#### WHAT IS NEEDED
Begin with the line below holding "2、:沖壓成型的刀片需要與高" and go on through the line holding "Install the timing", duplicating each line exactly and leaving out pictures.

#### DATA FOR PROCESSING

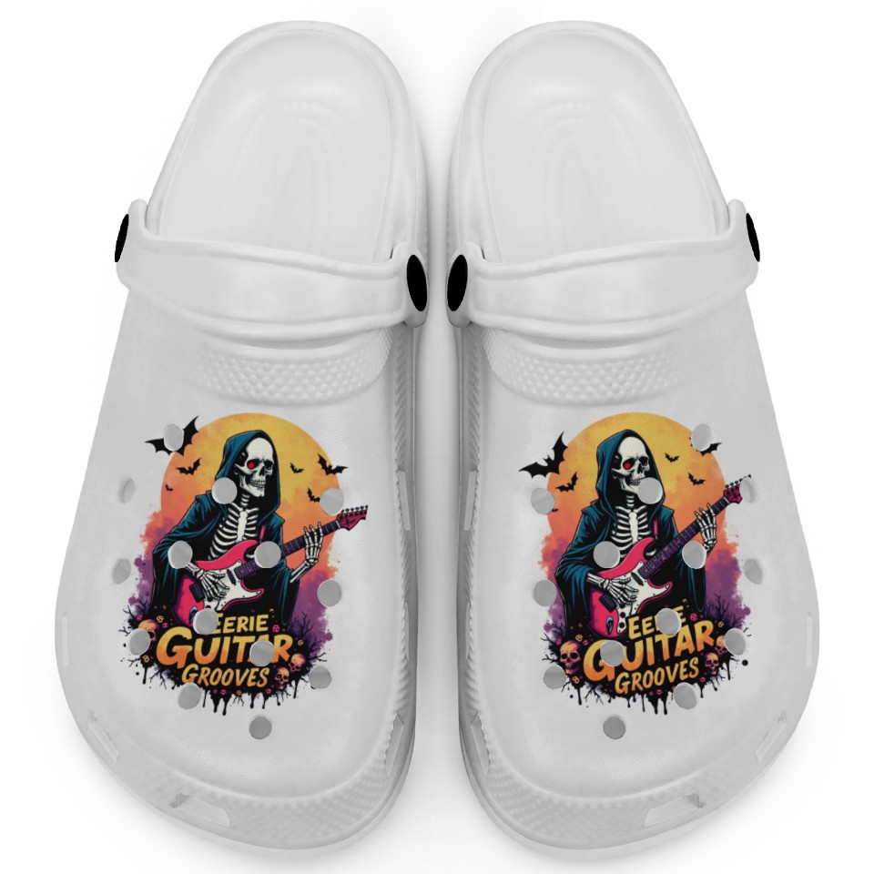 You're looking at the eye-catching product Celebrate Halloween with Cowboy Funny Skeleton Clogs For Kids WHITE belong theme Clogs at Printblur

--

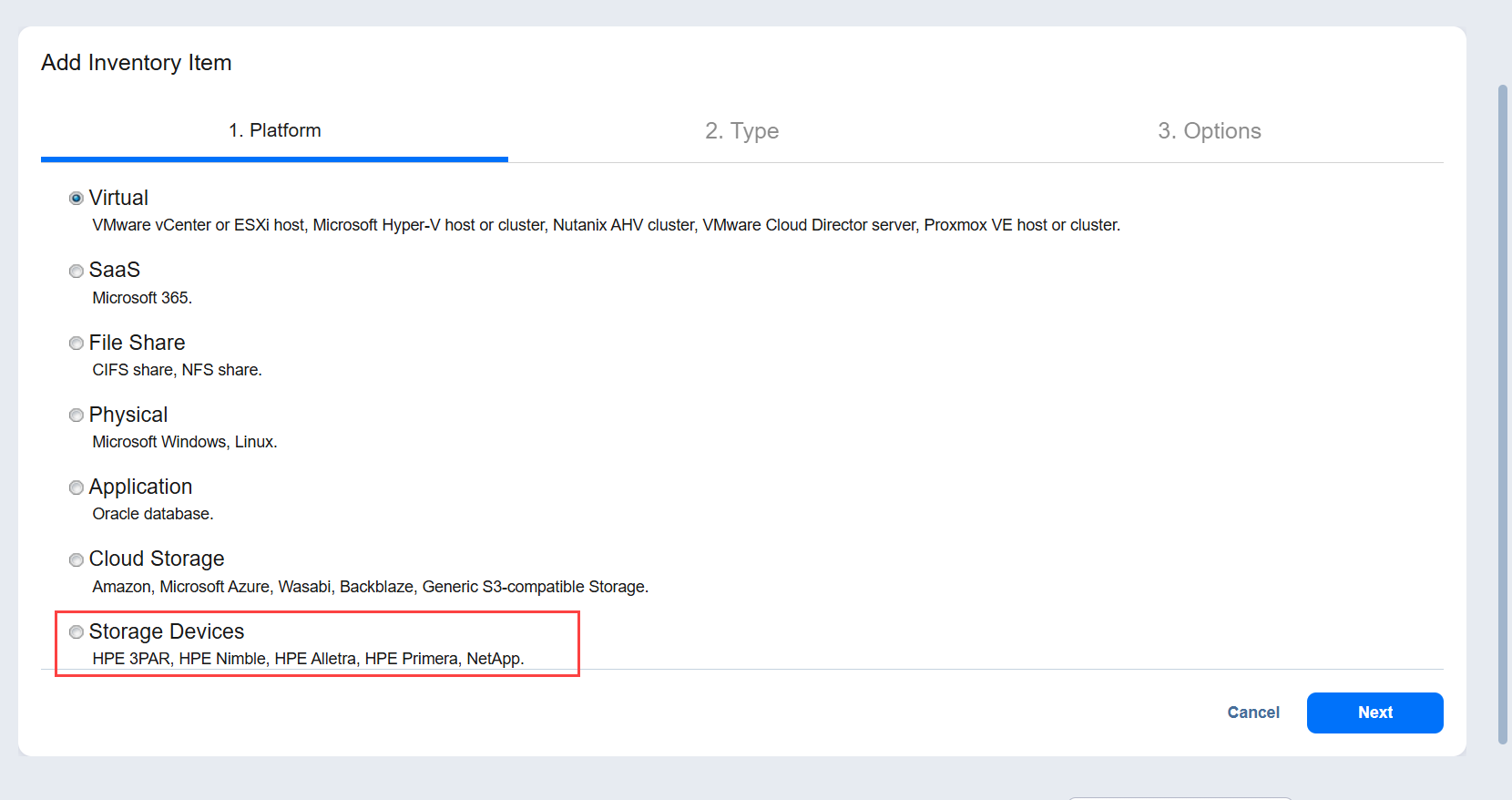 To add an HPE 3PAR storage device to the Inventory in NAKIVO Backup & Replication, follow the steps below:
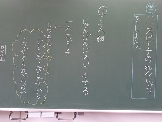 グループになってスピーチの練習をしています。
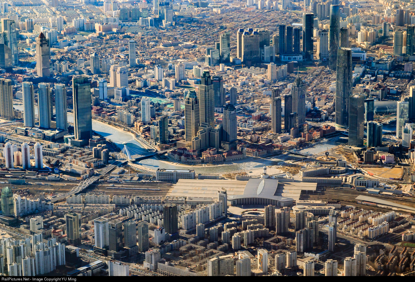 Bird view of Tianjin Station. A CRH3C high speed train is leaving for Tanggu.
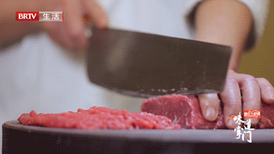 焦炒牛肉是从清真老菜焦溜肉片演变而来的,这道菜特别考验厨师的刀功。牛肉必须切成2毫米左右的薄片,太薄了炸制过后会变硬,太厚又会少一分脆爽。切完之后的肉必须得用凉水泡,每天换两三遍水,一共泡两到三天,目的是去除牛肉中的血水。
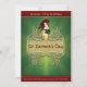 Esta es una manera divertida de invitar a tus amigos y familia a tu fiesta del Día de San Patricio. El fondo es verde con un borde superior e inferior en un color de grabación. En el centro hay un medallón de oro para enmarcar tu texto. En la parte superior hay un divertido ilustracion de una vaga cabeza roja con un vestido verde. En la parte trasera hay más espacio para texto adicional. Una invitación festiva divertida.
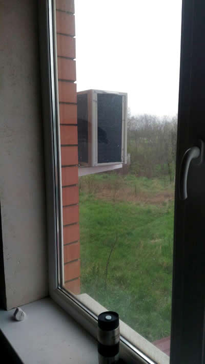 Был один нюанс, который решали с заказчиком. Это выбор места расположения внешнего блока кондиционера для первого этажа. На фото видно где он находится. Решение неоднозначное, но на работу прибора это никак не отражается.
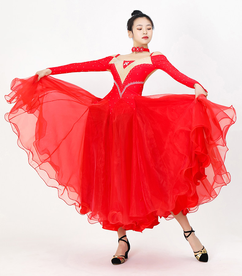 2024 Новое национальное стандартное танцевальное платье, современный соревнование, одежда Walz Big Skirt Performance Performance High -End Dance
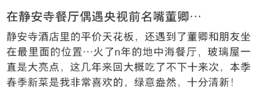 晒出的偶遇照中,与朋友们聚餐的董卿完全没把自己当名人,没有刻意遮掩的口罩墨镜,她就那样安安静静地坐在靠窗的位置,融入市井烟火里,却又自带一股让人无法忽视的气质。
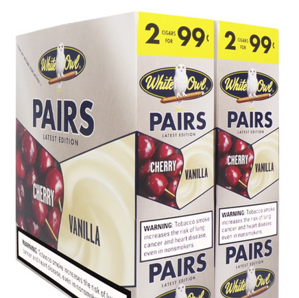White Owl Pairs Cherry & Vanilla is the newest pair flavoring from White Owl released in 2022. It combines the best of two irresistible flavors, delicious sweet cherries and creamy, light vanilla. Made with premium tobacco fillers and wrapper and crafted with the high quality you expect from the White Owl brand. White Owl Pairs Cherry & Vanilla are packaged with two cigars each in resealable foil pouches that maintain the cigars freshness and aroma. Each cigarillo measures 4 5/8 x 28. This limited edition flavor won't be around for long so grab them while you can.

---

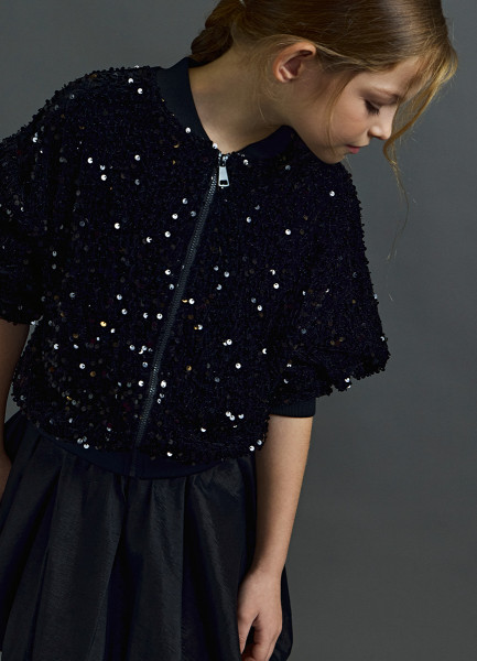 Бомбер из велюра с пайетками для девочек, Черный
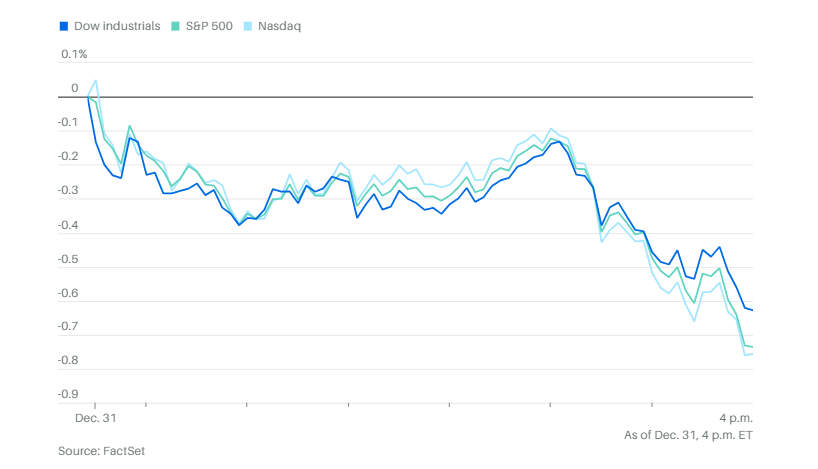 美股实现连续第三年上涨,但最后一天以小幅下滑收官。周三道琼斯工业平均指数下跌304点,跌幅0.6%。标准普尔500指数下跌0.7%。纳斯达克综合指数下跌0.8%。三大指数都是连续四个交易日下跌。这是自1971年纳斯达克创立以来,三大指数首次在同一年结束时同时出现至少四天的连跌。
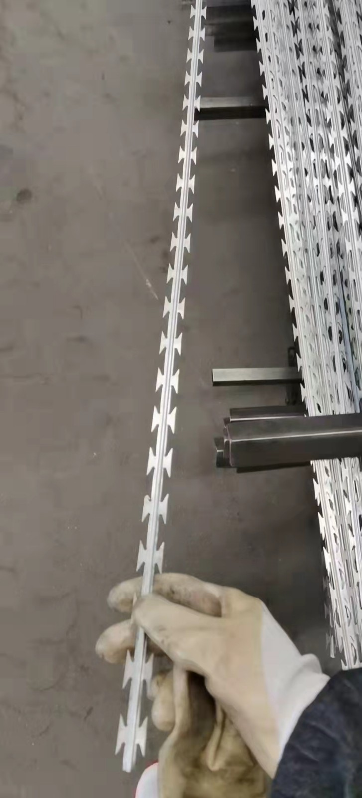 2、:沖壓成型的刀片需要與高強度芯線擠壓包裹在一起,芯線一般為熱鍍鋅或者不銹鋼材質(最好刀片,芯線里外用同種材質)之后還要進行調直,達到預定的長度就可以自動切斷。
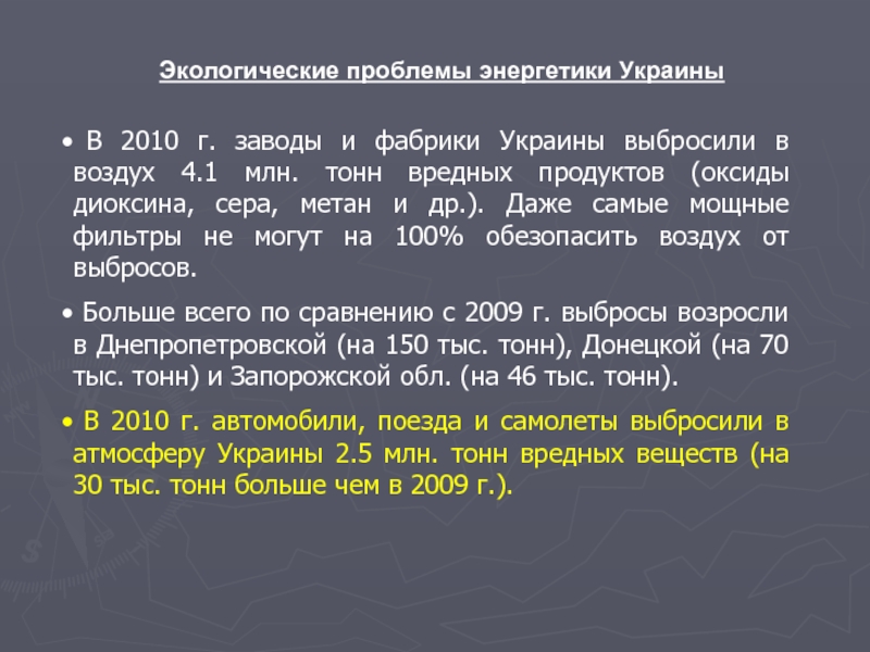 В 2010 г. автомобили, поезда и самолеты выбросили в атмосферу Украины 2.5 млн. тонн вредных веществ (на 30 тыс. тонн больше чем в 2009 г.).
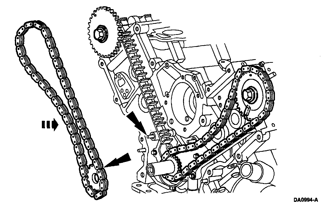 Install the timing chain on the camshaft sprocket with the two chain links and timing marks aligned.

#### ANSWER BELOW
 2、:沖壓成型的刀片需要與高強度芯線擠壓包裹在一起,芯線一般為熱鍍鋅或者不銹鋼材質(最好刀片,芯線里外用同種材質)之后還要進行調直,達到預定的長度就可以自動切斷。
 В 2010 г. автомобили, поезда и самолеты выбросили в атмосферу Украины 2.5 млн. тонн вредных веществ (на 30 тыс. тонн больше чем в 2009 г.).
 Install the timing chain on the camshaft sprocket with the two chain links and timing marks aligned.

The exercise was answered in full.